=== Supplied data ===

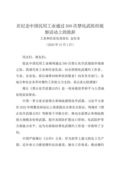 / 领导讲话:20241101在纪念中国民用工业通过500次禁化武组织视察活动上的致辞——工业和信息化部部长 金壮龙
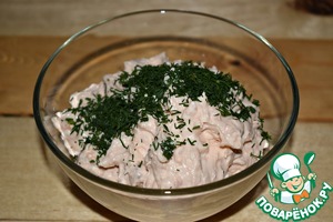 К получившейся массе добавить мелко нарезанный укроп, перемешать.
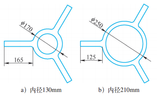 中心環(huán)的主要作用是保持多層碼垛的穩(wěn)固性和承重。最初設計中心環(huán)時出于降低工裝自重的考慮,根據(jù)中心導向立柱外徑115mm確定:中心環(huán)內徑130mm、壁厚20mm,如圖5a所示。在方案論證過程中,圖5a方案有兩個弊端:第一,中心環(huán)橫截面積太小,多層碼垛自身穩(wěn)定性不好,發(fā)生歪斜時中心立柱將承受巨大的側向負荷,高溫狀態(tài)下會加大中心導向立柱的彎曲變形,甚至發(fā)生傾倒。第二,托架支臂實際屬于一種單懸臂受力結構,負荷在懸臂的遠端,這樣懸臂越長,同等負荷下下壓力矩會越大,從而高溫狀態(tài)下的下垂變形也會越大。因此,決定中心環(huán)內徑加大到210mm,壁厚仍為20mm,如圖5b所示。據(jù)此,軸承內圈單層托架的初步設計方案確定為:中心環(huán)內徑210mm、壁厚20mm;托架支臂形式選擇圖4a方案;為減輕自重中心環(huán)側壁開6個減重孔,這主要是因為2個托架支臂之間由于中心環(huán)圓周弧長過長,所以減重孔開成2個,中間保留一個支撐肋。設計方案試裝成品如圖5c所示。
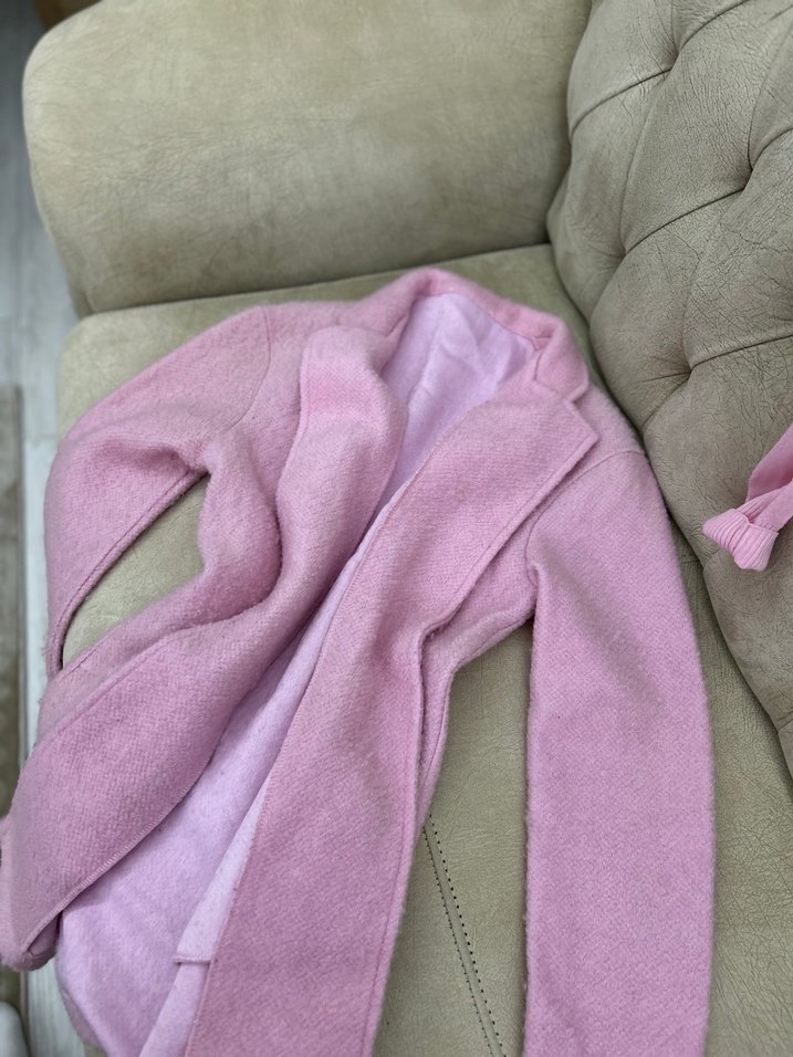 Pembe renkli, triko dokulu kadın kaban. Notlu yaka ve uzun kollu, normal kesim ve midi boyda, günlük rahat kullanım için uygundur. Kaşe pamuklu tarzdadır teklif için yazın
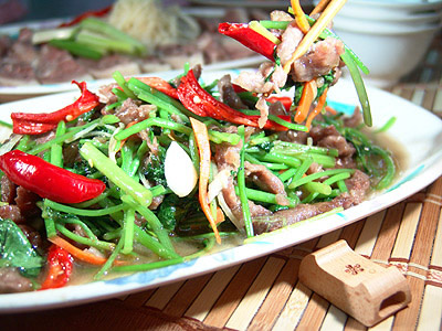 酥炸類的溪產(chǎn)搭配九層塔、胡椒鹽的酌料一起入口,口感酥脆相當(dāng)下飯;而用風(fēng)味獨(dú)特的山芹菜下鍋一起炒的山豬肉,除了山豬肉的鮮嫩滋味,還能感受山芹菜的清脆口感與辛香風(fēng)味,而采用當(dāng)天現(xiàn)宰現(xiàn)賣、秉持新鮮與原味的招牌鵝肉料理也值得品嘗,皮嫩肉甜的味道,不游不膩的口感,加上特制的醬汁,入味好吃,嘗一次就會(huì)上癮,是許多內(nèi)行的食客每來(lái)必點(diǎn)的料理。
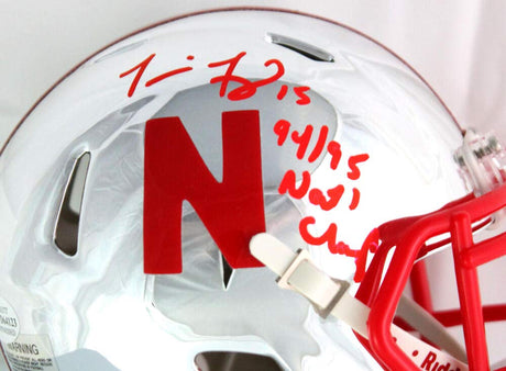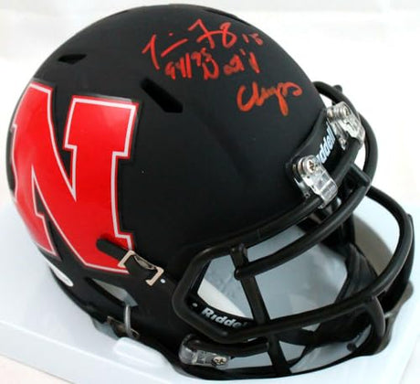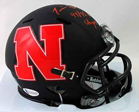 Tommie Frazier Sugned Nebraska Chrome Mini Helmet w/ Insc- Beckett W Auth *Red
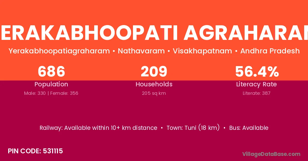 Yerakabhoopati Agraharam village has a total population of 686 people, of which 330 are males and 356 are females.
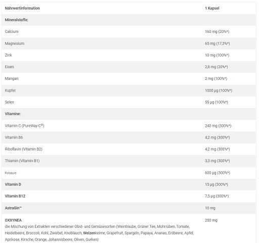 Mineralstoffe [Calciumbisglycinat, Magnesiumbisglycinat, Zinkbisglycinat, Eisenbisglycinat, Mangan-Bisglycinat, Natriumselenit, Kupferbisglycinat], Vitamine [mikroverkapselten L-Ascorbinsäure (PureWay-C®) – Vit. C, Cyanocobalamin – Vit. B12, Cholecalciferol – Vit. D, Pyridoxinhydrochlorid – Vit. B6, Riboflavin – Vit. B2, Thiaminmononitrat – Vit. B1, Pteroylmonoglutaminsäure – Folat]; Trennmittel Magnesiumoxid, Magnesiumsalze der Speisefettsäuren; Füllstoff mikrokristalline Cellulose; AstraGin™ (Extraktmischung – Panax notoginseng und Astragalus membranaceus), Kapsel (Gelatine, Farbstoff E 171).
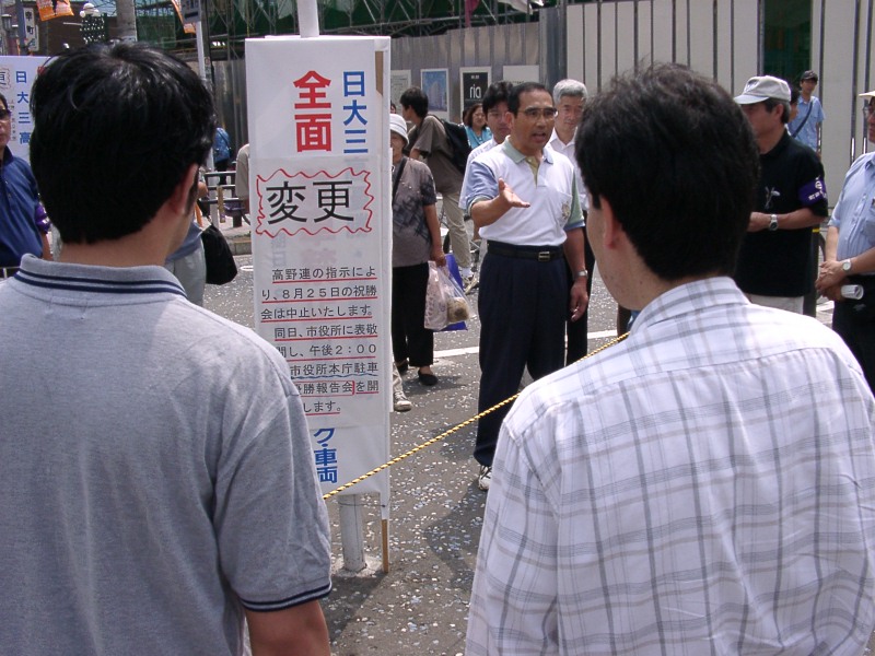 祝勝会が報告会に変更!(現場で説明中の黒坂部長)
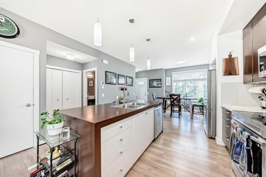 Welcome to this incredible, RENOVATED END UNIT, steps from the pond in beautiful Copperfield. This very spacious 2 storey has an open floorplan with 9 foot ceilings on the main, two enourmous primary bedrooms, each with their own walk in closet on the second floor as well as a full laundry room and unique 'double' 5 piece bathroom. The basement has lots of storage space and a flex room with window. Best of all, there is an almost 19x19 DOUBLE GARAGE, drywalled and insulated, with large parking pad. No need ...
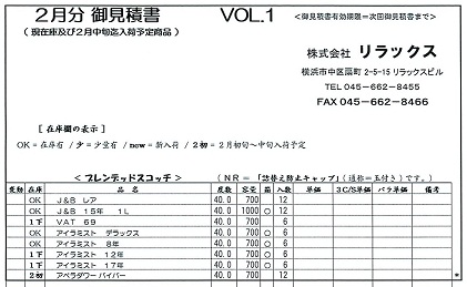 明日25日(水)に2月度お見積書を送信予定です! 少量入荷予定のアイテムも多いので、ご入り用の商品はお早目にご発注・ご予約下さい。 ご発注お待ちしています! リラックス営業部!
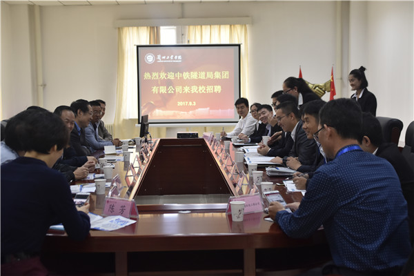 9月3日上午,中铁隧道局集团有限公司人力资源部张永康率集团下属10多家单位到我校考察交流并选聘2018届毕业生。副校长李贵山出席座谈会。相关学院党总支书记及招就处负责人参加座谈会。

===

**Requirement**
Of the records above, print only the lines from the one containing "祝勝会が報告会に変更!(現場で説明中の黒坂部長)" through the one containing "少量入荷予定のアイテムも多いので、ご入り用の商品はお早目にご発注・ご予約下さい。 ご発注お待ちしています! リラックス営業部!", inclusive and unaltered, leaving out pictures.

**Result for this task**
 祝勝会が報告会に変更!(現場で説明中の黒坂部長)
 Welcome to this incredible, RENOVATED END UNIT, steps from the pond in beautiful Copperfield. This very spacious 2 storey has an open floorplan with 9 foot ceilings on the main, two enourmous primary bedrooms, each with their own walk in closet on the second floor as well as a full laundry room and unique 'double' 5 piece bathroom. The basement has lots of storage space and a flex room with window. Best of all, there is an almost 19x19 DOUBLE GARAGE, drywalled and insulated, with large parking pad. No need ...
 明日25日(水)に2月度お見積書を送信予定です! 少量入荷予定のアイテムも多いので、ご入り用の商品はお早目にご発注・ご予約下さい。 ご発注お待ちしています! リラックス営業部!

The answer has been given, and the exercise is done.